What a crazy season I'm in!
Four weeks ago, we started tearing the siding and the roof off of our house. The next week, contractors came and put on new, better siding and a new, better roof. I praise God for the hail storm that was the catalyst for this and I bless our home owners insurance company. Seriously, they have been very generous.
The next week, Sam went in for scheduled shoulder and elbow surgery.
And at some point during recovery he developed a blood clot in his leg.
By next Friday, he will have been home for 5 weeks.

I keep asking the Lord to show me the good in his being home. I am looking for it. Because I know there is blessing in it.

The week of surgery recovery, I was not very accommodating. The polar care machine would run out of ice in the middle of the night. If I got up to refill it, I would grumble.
SNAP!
I think I know the reason he's been home for an extra two weeks! So that I would learn to minister to him without grumbling and complaining!
During the week different people would call to check on him. One of those people was his middle sister.

She recently decided to homeschool and I have been working with a friend to develop a ministry for new homeschoolers. S-I-L and I have been spending time on the phone talking about homeschooling and her brother.
One of the best things about this S-I-L is how much she loves her family. I don't think it's rare, I just don't see it in my own immediate family. So it's such a blessing to be included in their family.

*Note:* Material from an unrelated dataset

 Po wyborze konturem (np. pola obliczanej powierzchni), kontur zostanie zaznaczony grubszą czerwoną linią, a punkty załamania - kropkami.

A few days after I talked to her, I received a card from her, an expensive, handmade card with a bag of tea. It was her way of sending me comfort. I probably won't ever brew that tea. I'll go buy some and drink it, virtually, with her. I will put this tea bag in my Bible and every time I come across it, I will remember the comfort that this special sister sent me and the comfort that Holy Spirit ministers to me, like a morphine drip, whenever I need it, it's there.

2 comments:

Heather and Stephen said...

This is heart-warming. :)

aardvark said...

re: "I keep asking the Lord to show me the good in his being home. I am looking for it. Because I know there is blessing in it."

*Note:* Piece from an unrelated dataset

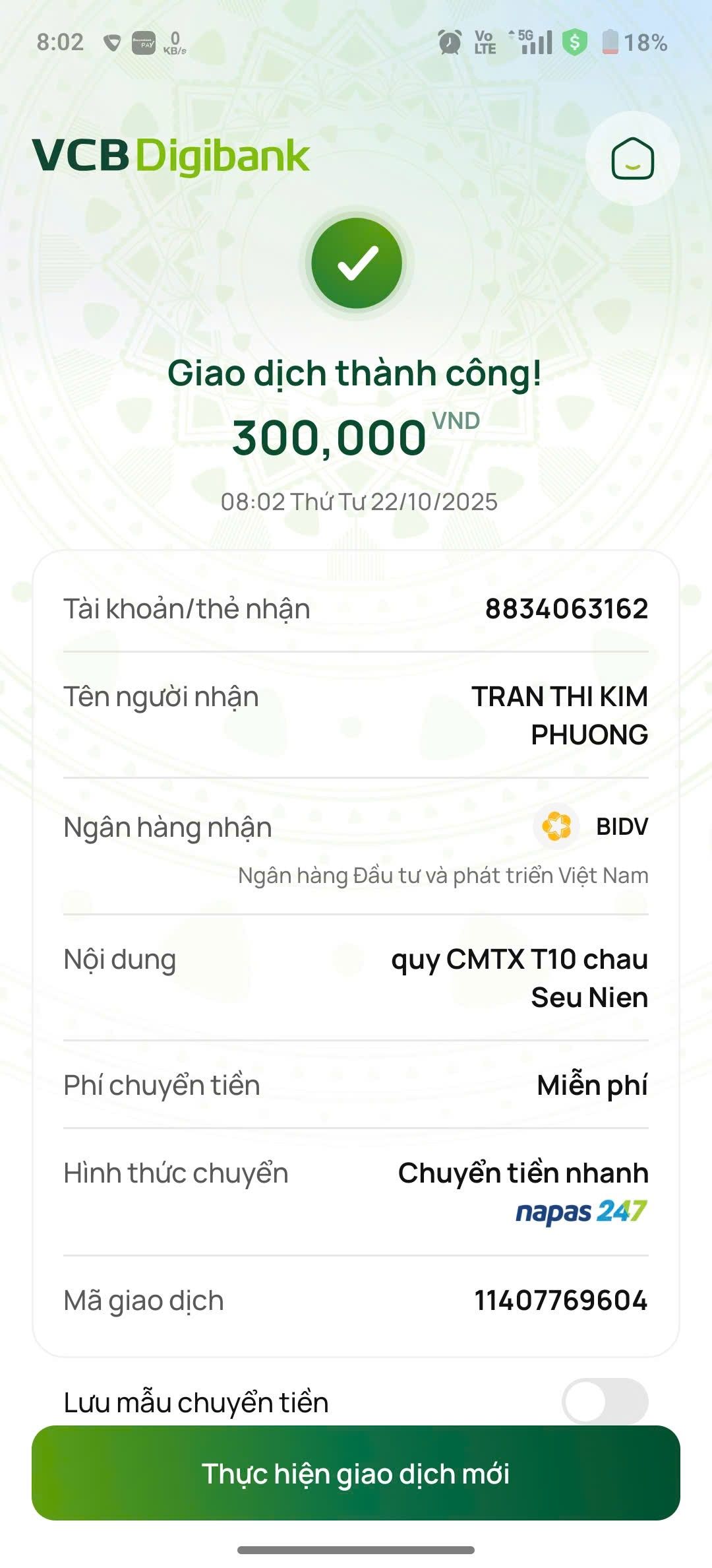 Cháu xin cập nhật thêm 300.000vnd của bà Phượng vào tháng 10/2025 từ quỹ cmtx ạ !

Dear Sister in Christ (ya' know there's a zinger comin', huh?),

After a really difficult event in my life, I came to grips with a concept that has helped me -- and I am waaay not perfect in this trusting God thing. Ready? I realized God is still God (and there is still a purpose), even if He never chooses to tell me. Can you sit back and stop looking?

I'm just a crabby ol' lady who has been homeschooling for 25+ years, dealing with chronic health problems in myself and some of our blessings, but the kids have made it and so have we, the parents :)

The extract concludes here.